The court said Lamberth’s opinion “extends beyond historical racism and all but accuses current Interior officials of racism.”

The ruling removes a sitting trial judge for only the third time in the D.C. Circuit and provides the latest twist in a contentious, decade-long class-action lawsuit filed by the Native American Rights Fund over the trust accounts, which were set up in 1887 to compensate Indians for use of their lands.

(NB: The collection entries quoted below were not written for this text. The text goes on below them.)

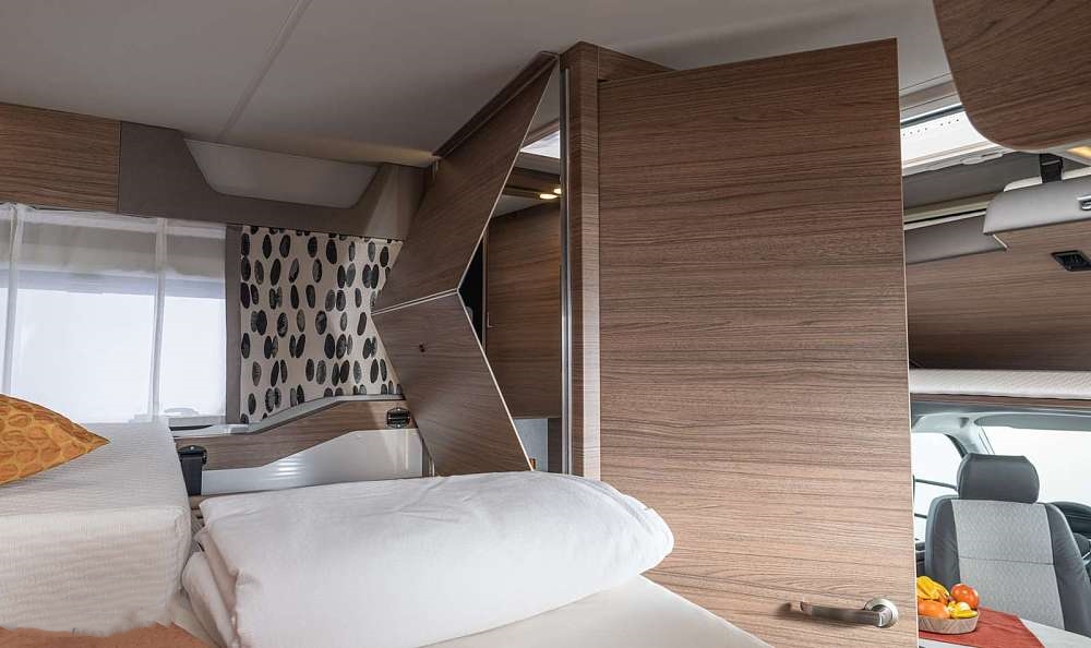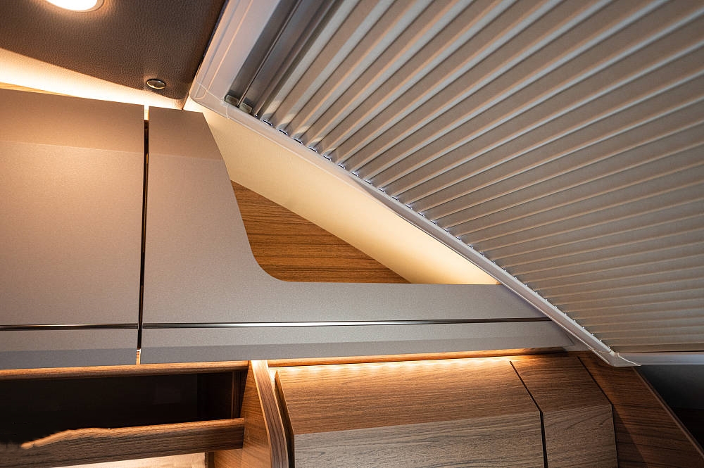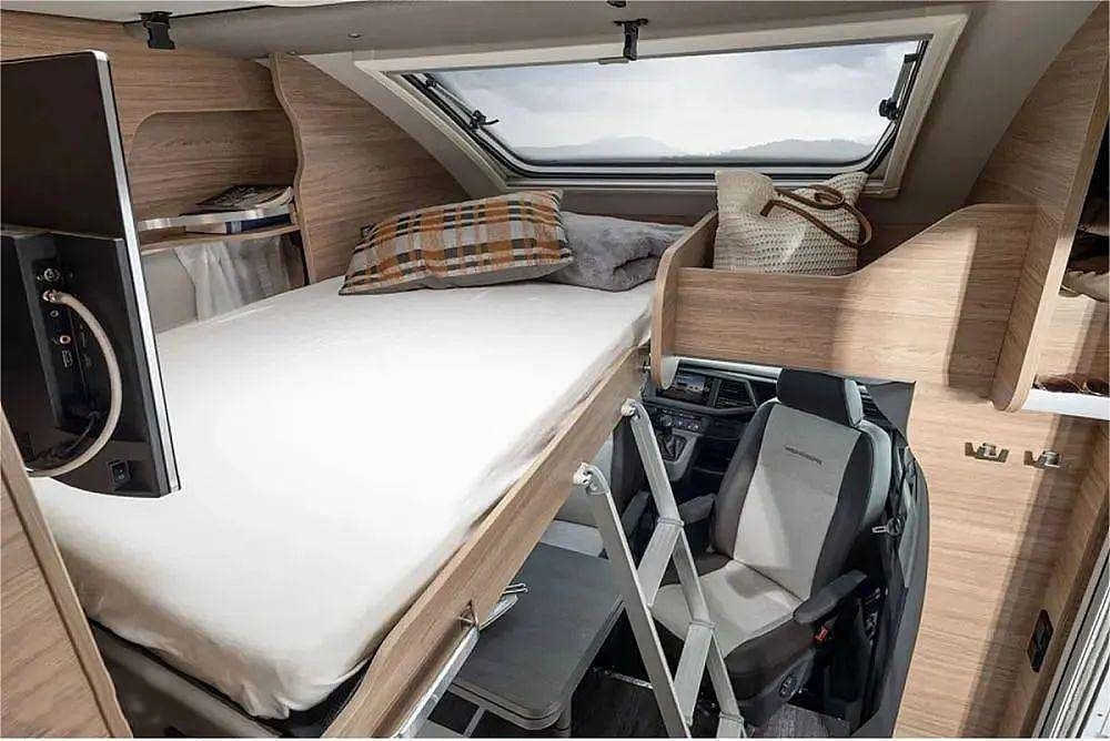 T6 MQ還提供創(chuàng)意選裝方案,卡座沙發(fā)上方可選裝一張可伸縮滑床,在房車中還是相對(duì)少見,最大效率利用空間格局,展開滑床后可滿足一名成年人休息睡眠,可作為前排生活區(qū)的獨(dú)立睡臥空間。
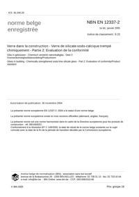 NBN EN 12337-2 : Verre dans la construction - Verre de silicate sodo-calcique trempé chimiquement - Partie 2: Evaluation de la conformité.
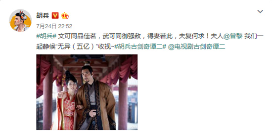 “文可同品佳茗,武可同御强敌,得妻若此,夫复何求!夫人@曾黎 我们一起静候“无异(五亿)”收视~ ”。7月24日晚间,《古剑奇谭2》播放量冲击五亿之际,演员胡兵微博隔空喊话“夫人曾黎”静候收视,还用剧中儿子乐无异的名字大玩谐音梗逗趣“爱妻”,并顺势贴出二人挽臂同行的剧照作为配图,令网友列队齐喊“猝不及防吃了一嘴狗粮”。
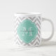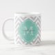 Graue und Zickzack Aqua-Monogramm Jumbo-Tasse
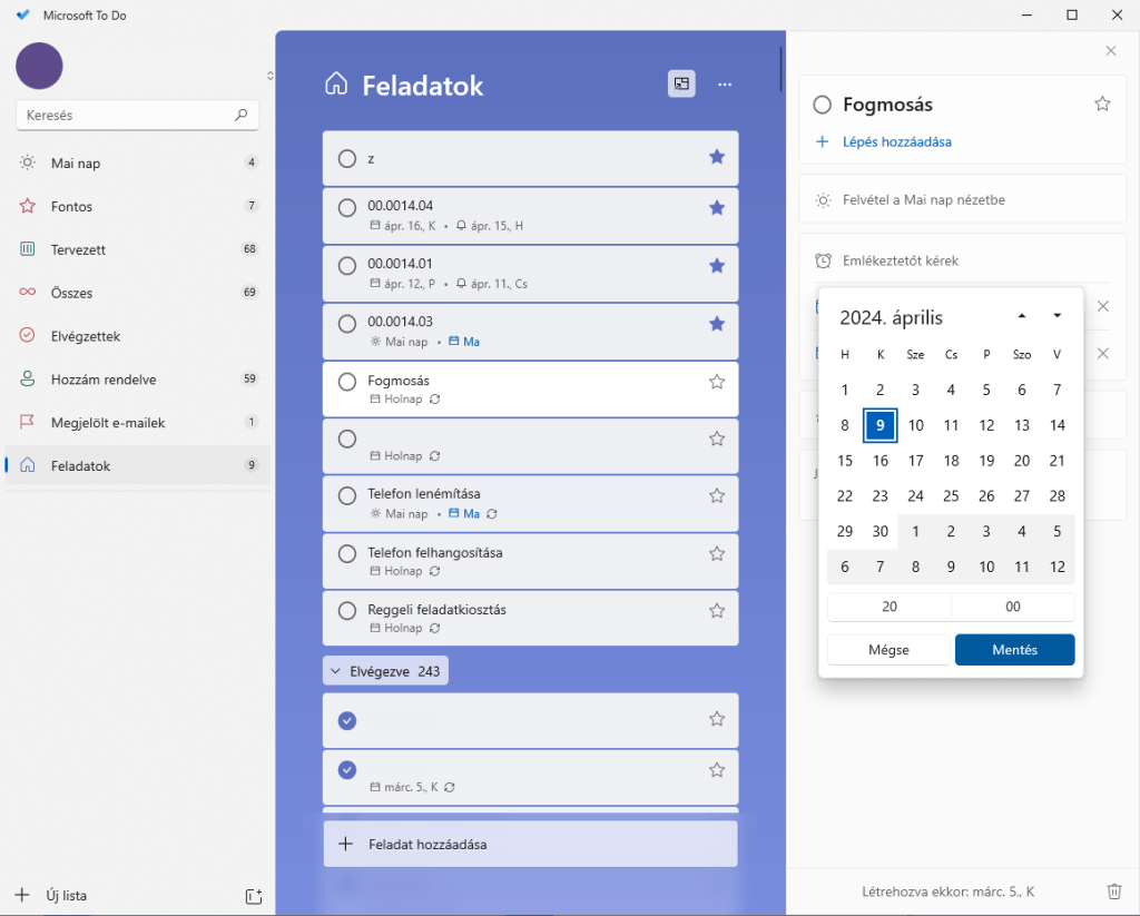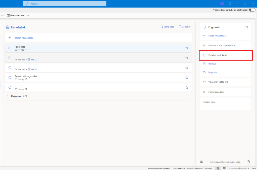Talán magától értetődő, de a feladatokhoz hiába lehet itt maximum 20 db lépést hozzátenni, azokra nem állíthatók külön dátumok. A középső sáv és a jobb oldali sáv naptár ikonjának segítségével, illetve a korábban említett gyorsgombbal csak a feladat dátumát lehet állítani. Ugyanez érvényes az emlékeztetőre és az ismétlésre, melyek szintén a jobb oldalon állíthatók be.

Since a Blackfeet tribe leader named Eloise Cobell filed the lawsuit in 1996, several independent investigations found that the Interior Department had never kept complete records, used unknown amounts of the funds to help balance the federal budget, and let the oil and gas industry use Indian lands at bargain rates.

The appeals court, in an opinion written by Judge David Tatel, said that in addition to Lamberth’s harsh words, it also took into account that eight of the judge’s past orders have been reversed on appeal, including two reversals that accompanied the removal decision.

“He’s coming very close to saying ‘This judge can’t be fair,”‘ said Stephen Gillers, a legal ethics specialist at New York University.

Lamberth is a sharp-tongued Texan appointed to the federal bench by former President Rea gan. He has defenders from all points of the political spectrum and has repeatedly been ranked by lawyers as among the most skilled judges on the court.

“He is a hero and should be treated as a hero,” said Stanley Sporkin, a former colleague of Lamberth on the district court bench.

But a few of Lamberth’s fans said privately that he has lost his patience in the Interior case and has made himself a target with his aggressive words.